Хумаюн поморщился. Разве не это же самое сказал он только что Хамиде, рыдающей в руках Гульбадан, которую, вместе с другими женщинами, нашел он связанной с кляпом во рту? Несмотря на потрясение, Гульбадан смогла сохранить спокойствие, но Хамида была не просто расстроена, она впала в истерику.
– Спаси нашего сына! – кричала она ему. – Если в твоих жилах течет кровь мужчины, как можешь ты думать о чем-то еще?
Но впервые после свадьбы он не обратил внимания на ее слова. В душе его брата кипело что-то темное. Он увидел это, когда их глаза встретились над нежной головкой Акбара. Ради того, чтобы получить желаемое, Камран готов был пойти на все… Именно поэтому Хумаюн сказал Хамиде, держа ее в крепких объятьях, что Камрана преследовать ни в коем случае нельзя. По крайней мере, с Акбаром была Махам Анга, сказал он, гладя Хамиду по голове, и в данный момент жена должна ему доверять. Казалось, им оставалось только верить. В перерыве между рыданиями Хамида рассказала о том, что ей прошептала Махам Анга перед уходом. У нее был кинжал с отравленным лезвием. Любой, кто вздумает напасть на Акбара, умрет.
Стряхнув с себя воспоминание, Хумаюн продолжил свою речь:
– Люди мои, я должен сказать еще кое-что. Я пообещал своему брату покинуть эти земли и уйти в Персию. Не думаю, что шах Тахмасп, правящий там, откажет мне в гостеприимстве, но путь будет трудный, через сотни миль суровой заледеневшей земли. За это время мы встретим немало опасностей и лишений, каких прежде не видали. Я не приказываю вам идти со мной. Если хотите вернуться домой, можете сделать это с достоинством… Но если останетесь, клянусь именем моего отца Бабура и моего предка Тимура, что, как только я выполню обещание уйти в Персию, наше пребывание там будет недолгим. Я верну все утраченные земли, и те, кто последует за мной, мои ички, разделят со мной славу, о которой с гордостью будут говорить их потомки спустя многие годы.

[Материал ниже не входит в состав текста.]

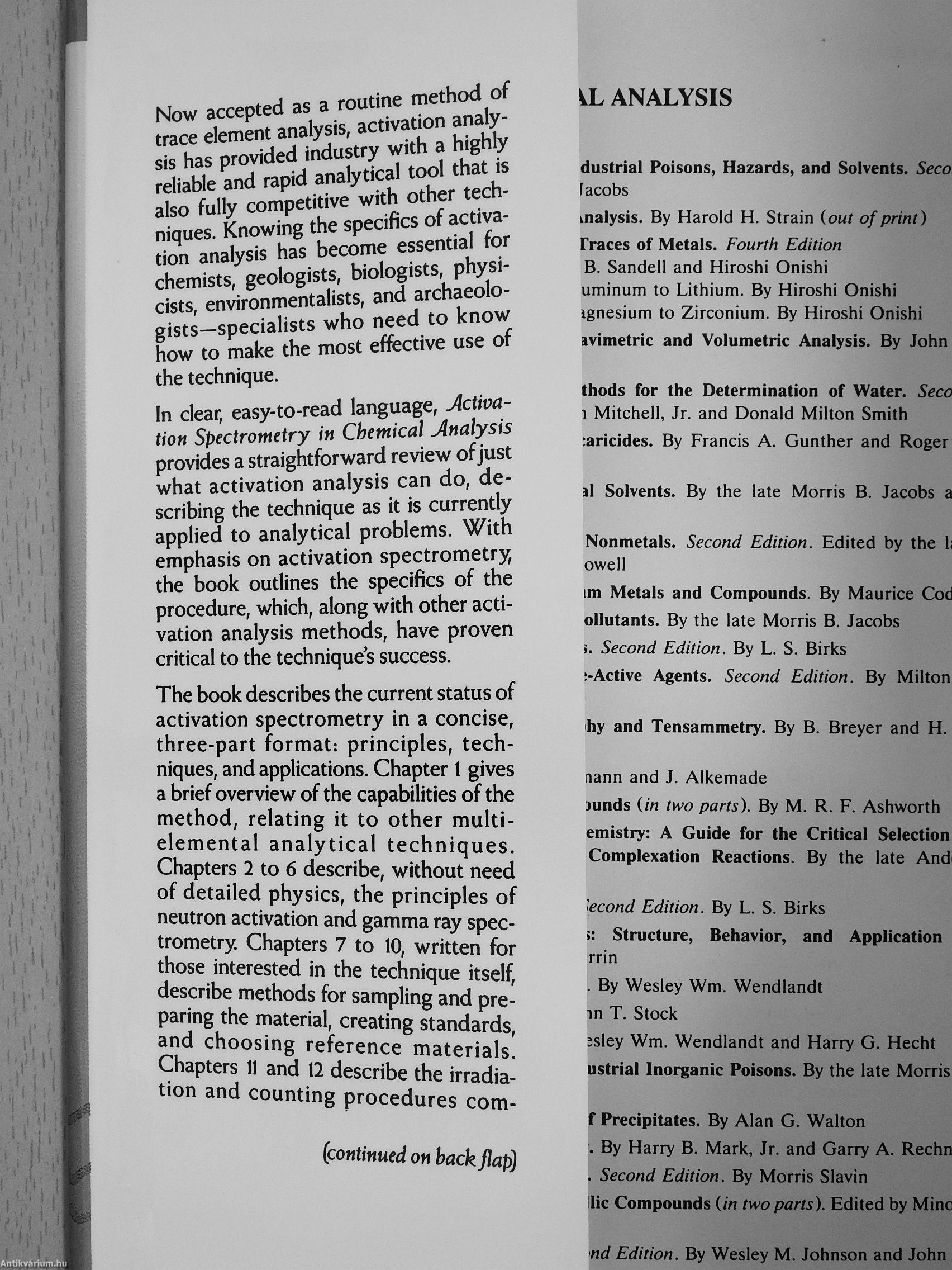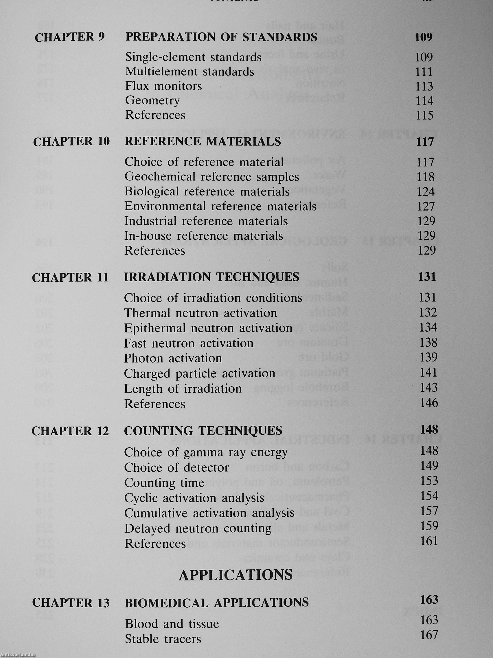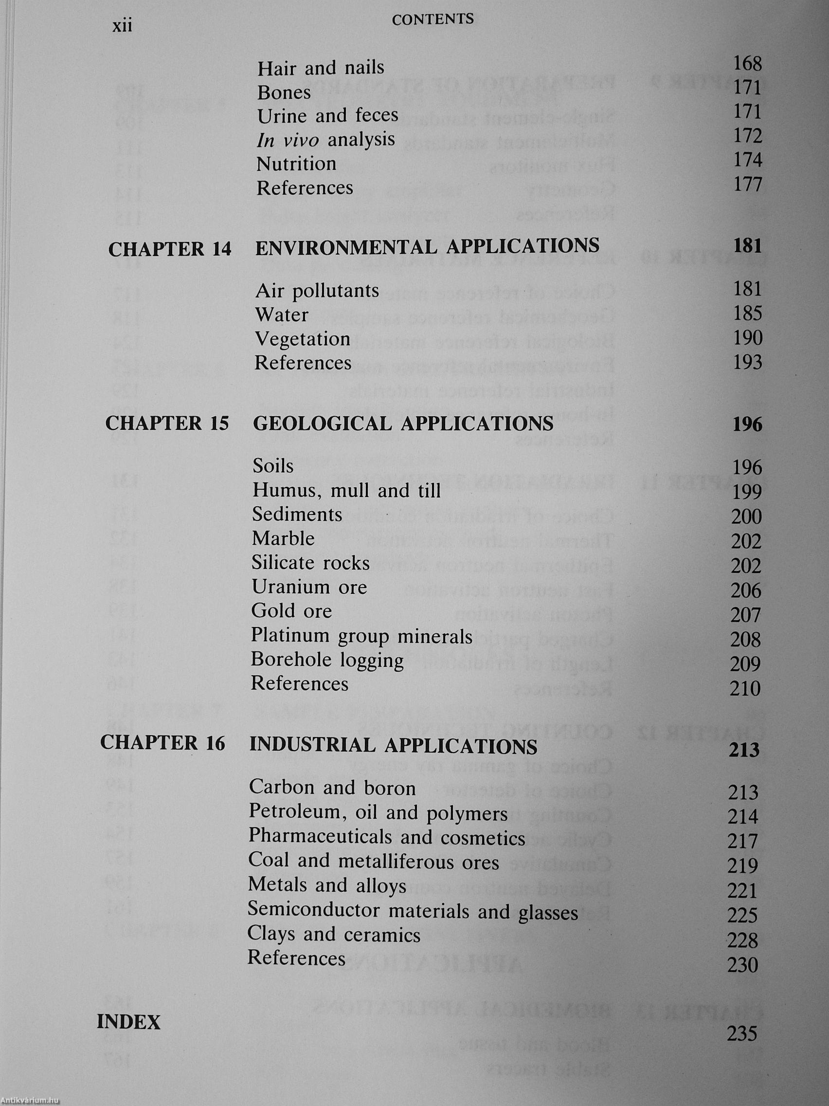 The book describes the current status of activation spectrometry in a concise, three-part format: principles, techniques, and applications. Chapter 1 gives a brief overview of the capabilities of the method, relating it to other multi-elemental analytical techniques. Chapters 2 to 6 describe, without need of detailed physics, the principles of neutron activation and gamma ray spectrometry Chapters 7 to 10, written for those interested in the technique itself, describe methods for sampling and preparing the material, creating standards, and choosing reference materials. Chapters tl and 12 describe the irradiation and counting procedures com-
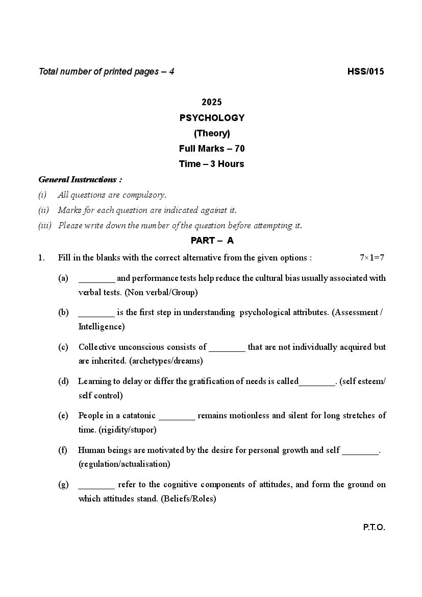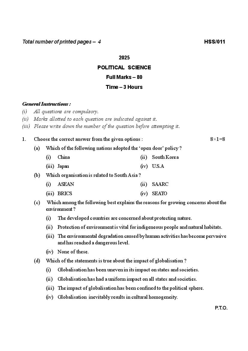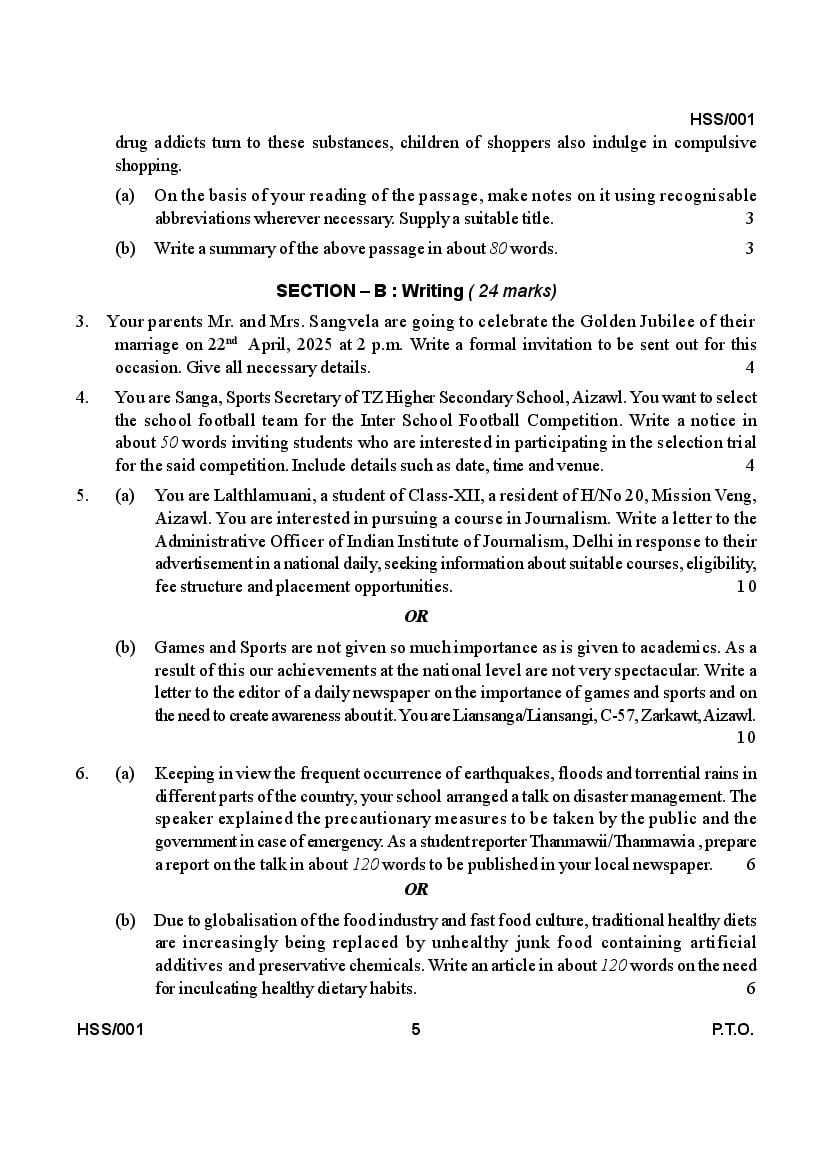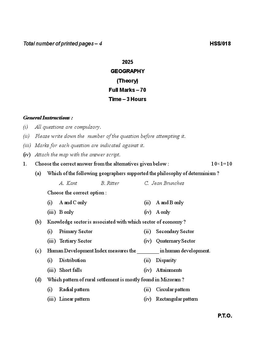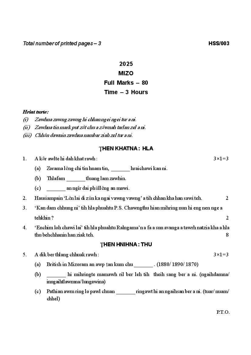 The Mizoram Board Question Paper of Class (HSSLC) for 2025 are as follows.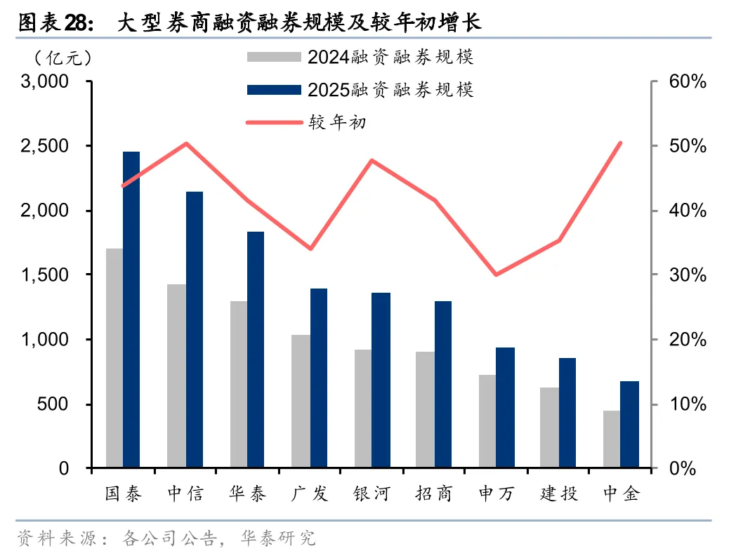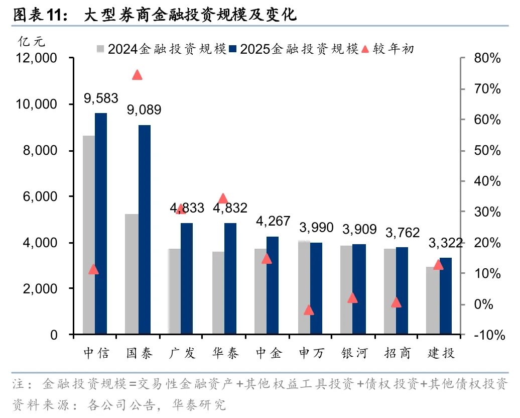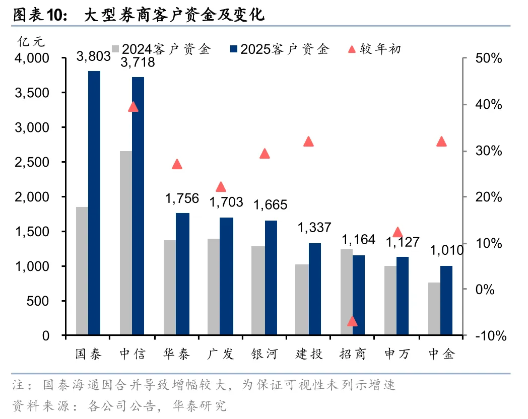 金融投资和客户资金共同驱动总资产显著扩张。从总资产增长的驱动因素看,大型券商内部不尽相同,但金融投资和客户资金贡献了核心增量。9家大券商中,8家实现金融投资规模增长(申万小幅下滑),8家实现客户资金规模增长(招商小幅下滑)。其中华泰、广发、中金主要由金融投资驱动,银河、申万主要由客户资金驱动,中信则相对均衡,金融投资和客户资金共同驱动扩张。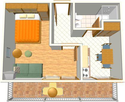Apartmán pro dvě osoby se třemi přistýlkami (35 m2)

Хумаюн замолчал. Выражения лиц его людей, их железная решимость сказали ему, что его слова достигли своей цели. Многие уйдут от него, но не теперь. Он должен найти способ оправдать их доверие.
* * *
Сверкающие, словно бриллианты, вершины окрестных гор, сказочные ледяные вершины ослепляли почти волшебной красотой, но вид их не трогал Хумаюна, когда, спустя месяц, он ехал во главе колонны, медленно продвигавшейся по узкому ущелью. По совету проводников-белуджей, согласившихся провести их к границе с Персией, Хумаюн приказал своим людям производить как можно меньше шума. Тем не менее, заслонив глаза, он взглянул на сверкающие снежные и ледяные просторы над головой, зная, как знали и его люди, что в любой момент может сорваться лавина и уничтожить их всех.
Опасность таилась везде. Лишь вчера, несмотря на то, что Хумаюн послал людей вперед для прощупывания копьями надежности троп и ледников, он чуть не потерял человека в расщелине, скрытой под слоем свежего снега. Хотя мул, которого тот вел, свалился в пропасть, благодаря своей исключительной сноровке этот человек сумел уцепиться за край скалы на глубине футов десяти. Двое людей Ахмед-хана смогли вытащить его на веревках.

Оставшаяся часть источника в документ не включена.